Uykusuz günlüğü

Okuyalı dört yıl oldu, az bir süre sayılmaz  Üzerine yazı yazmadım ama o dönem esinlenerek bir şiir yazmıştım; Işığa Çözülenler kitabında yer aldı bu şiir.
Alegorik biçiminden ve konusundan kaynaklı sanırım, romanı nihilist, karamsar bulanların aksine Veba'daki ana izlek; mücadele ve kaçış arasındaki temel gerilimdir...
Veba alegorisinin dayandığı eksen egemenlerce sürdürülen toplumsal şiddet ve kuşatmadan yükselir. Camus, bu şiddetin yarattığı boşluk ve ölüm salınımında, salgına yönelik yürütülen mücadele, direniş ve umut arasında bir praksis ilişkisi kurar. yani bilinç ile eylem arasındaki zorunlu bağ...


hatırımda kalan;

ana karakterlerinden birisi hekimdir, mücadeleyi ve direnişi temsil eder...

diğeri karantina altına alınan şehirden sürekli kaçmayı planlayan bir gazeteciydi, sanırım hekimin iradesi, mücadelesi ve kararlılığı karşısında romanın sonuna doğru fikri değişiyordu

İlginç ama bir o kadar da hala güncelliğini koruyan karakterlerden biri, salgını başından sonuna izlemekle yetinen; bu sürede tek derdi ve kaygısı romanına bir giriş cümlesi bulmak olan ve bunu da beceremeyen dolayısıyla romanını asla yazamayan bir yazardı...

kıssadan hisse...
----------------------------------------------------------------

Bu yazıyı yazarken hafızamın iyi olduğuna dair; bir siteden biraz alıntı da buldum..

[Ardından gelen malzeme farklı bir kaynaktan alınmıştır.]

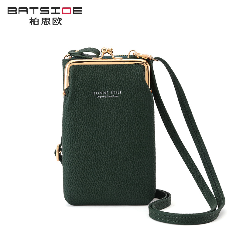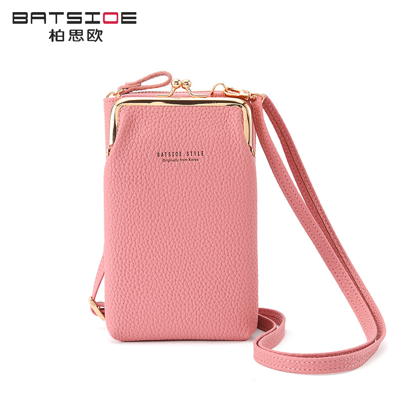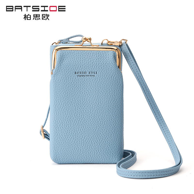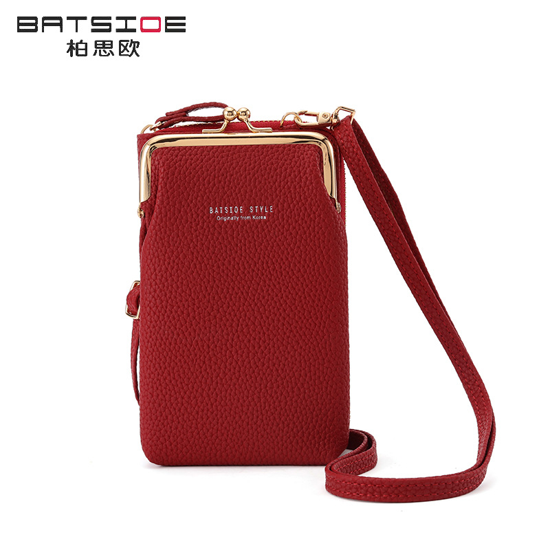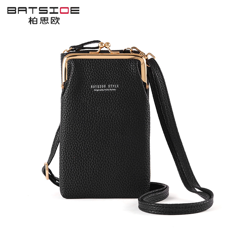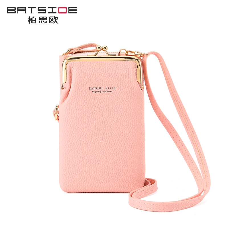 Batsioe 여성용 휴대 전화 가방 지갑 한국식 대용량 중간 길이 유행 캐주얼 버티컬 크로스바디 백 지퍼가 달린
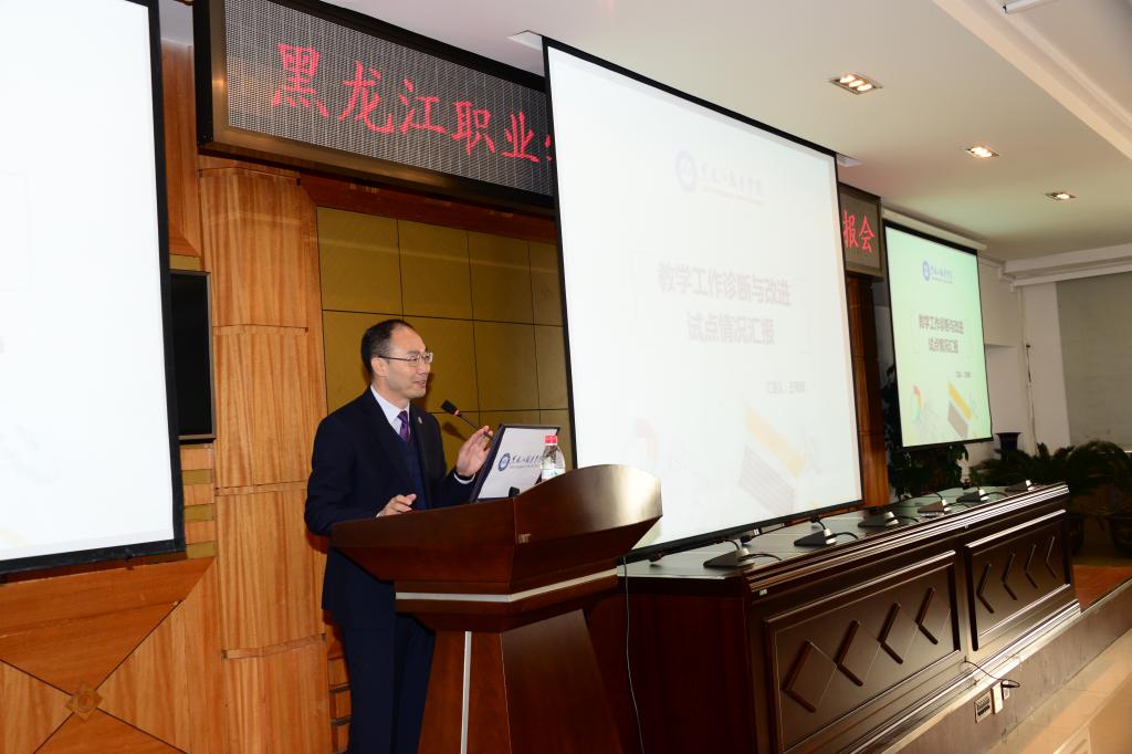 黑龙江省教育厅副巡视员丁哲学讲话。他指出,黑龙江省教育厅高度重视诊改工作的落地实施,结合省双高院校建设、高职教育创新发展行动计划等重大项目,组建了省级诊改专家委员会,制定出台了诊改工作实施方案,建立了保障机制,组建了复核专家库。jinnian金年会作为诊改试点院校之一,以成果导向教学改革为切入点开展诊改工作,健全了组织体系,完善了目标链、标准链建设,提升了教学管理信息化水平,基本形成了常态化的诊改运行机制。
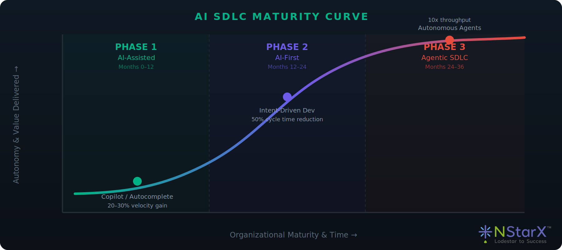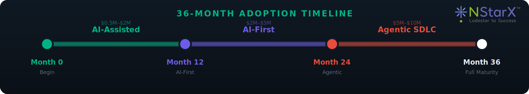 Phase 3 — Agentic SDLC (Months 24–36): Deploy autonomous agents. Investment: $5M–$10M. Success metric: 10x improvement in feature throughput.
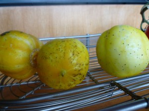 These weren’t grown here, but apparently they’re some kind of weird, prickly cucumber.
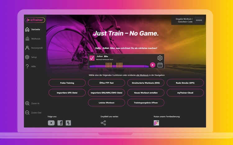Allerdings ist der günstige Preis gar nicht mal das Interessanteste an icTrainer. Eher sind es die guten Möglichkeiten, effizient und abwechslungsreich trainieren zu können, wobei die Software keineswegs auf den Radsport beschränkt ist: Auch mit Laufband, Rudermaschine und ähnlichem kann man icTrainer nutzen. Dabei können unterschiedlichste Sensoren gekoppelt werden, sodass Puls und Leistung, Tretfrequenz und vieles mehr angezeigt werden. Den Nutzerinnen und Nutzern stehen ebenso vorinstallierte Strecken mit realistischer Bildschirmdarstellung zur Verfügung – von der legendären Alpe d’Huez bis zum Pfänder am Bodensee – wie detaillierte Trainingspläne; ebenso kann man Daten hochladen und etwa nach eigenen GPX-Dateien fahren.
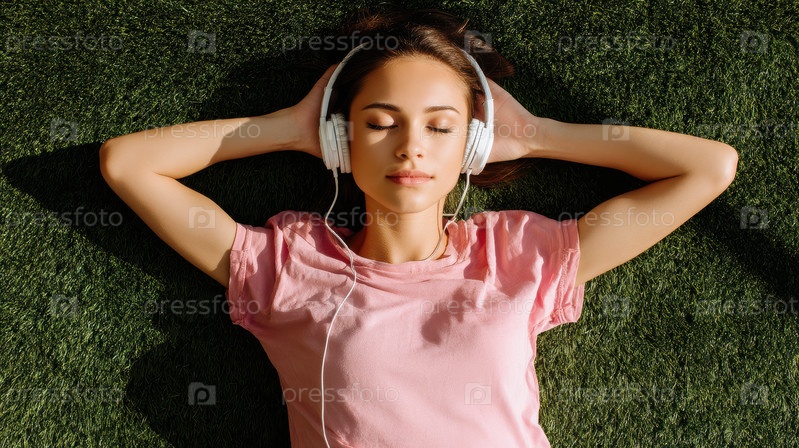 Молодая женщина лежит на мягкой зеленой траве, наслаждаясь ее музыкой и обнимает чувство спокойствия и расслабления
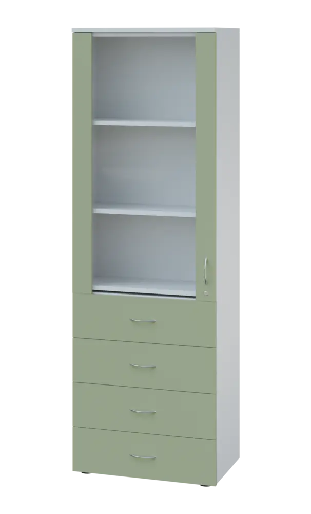 lékařská prosklená skříň, vyrobeno z kvalitního lamina o síle 18 mm, ABS hrana pro zvýšení životnosti, vybaveny výsuvnou odkládací deskou
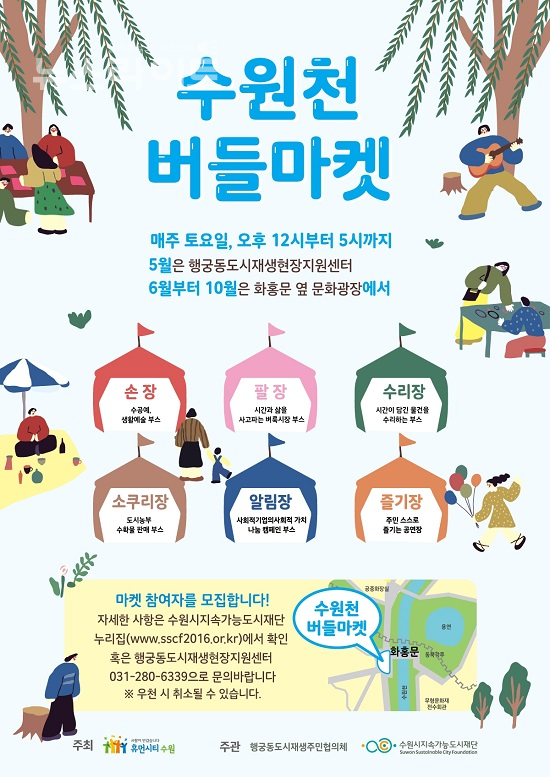 안상욱 수원시지속가능도시재단 이사장은 “다양한 마을 주체가 참여하는 수원천 버들마켓은 행궁동 주민의 소통 창구 역할을 할 것”이라며 “수원천 버들마켓이 주민이 주도하는 도시재생사업을 전개하는 데 도움이 되길 바란다”고 말했다.
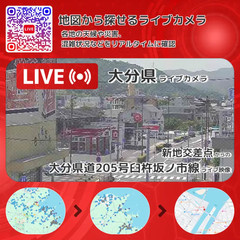新地交差点から、大分県道205号臼杵坂ノ市線が確認できるライブカメラです。
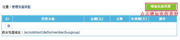 2、进入管理充值类型界面,点击“增加充值类型”按钮进入增加充值类型界面:
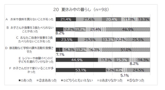お子さんの欠食は2割程度(それでも2割もおられるのです!)ですが、親御さんは半数近くが「3食食べられないことがあった」と回答されています。
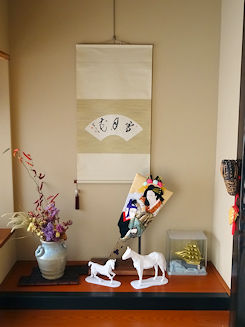 中央には、埴輪の馬を・・・・50年前に我々夫婦が結婚したとき、ms.TANUKI の教え子がプレゼントしてくれたものだそうです。宮崎の高校に勤めていましたので・・・・当時の宮崎の土産物と言えば、やっぱり埴輪ですね。 |

"Ama birileri de direniyordu; tecrübeli doktor Castel'in serumunu hastalarına her defasında aynı umutla zekrederken Rieux direniyordu; bir ermiş olmak isteyen, yaşamın ve ölümün pek çok yüzüne tanık olmuş Tarrou ile sevgilisine kavuşmak için şehir dışına insan kaçıran kaçakçılarla anlaşan Rambert direniyordu; rahip, büyük ayin günü 'saçma' diyerek tanımladığı bilimin dinle uyuşabileceğini düşünmeye ve kurulan sağlık ekiplerine elinden gelen yardımı yapmaya başlamıştı.
Çünkü ölüm birleştirirdi; ölüm beklentisiyle trenleri kadar yürekleri de tutuşan insanların kim olduklarının, daha önce birbirlerine nasıl baktıklarının, siyasi görüşlerinin, kavgalarının ve nefretlerinin bir anlamı kalmazdı. Ölüm bizimle alay ederdi bu yönüyle; tapındığımız hayat bizi ayırırken, o, birbirimize kalben sokulmamızı sağlardı çünkü...
Sonsuz çelilki, felaketi haber verdiği için nefret duyulan farelerin yeniden ortaya çıkmalarındaki sevinçte yatardı; bir kent, huzursuzca yuvarlandığı bir ölüm uykusundan uyanırdı korkarak...
Ve vebanın fareleri, uykuya dalan bir lanetin sessiz elçileri gibi dönerlerken geldikleri yere, sevinç çığlıkları ve havai fişeklerin sönmeye mahkum renkli ışıkları kaldırdı bir şehri kanatan büyük felaketten geriye."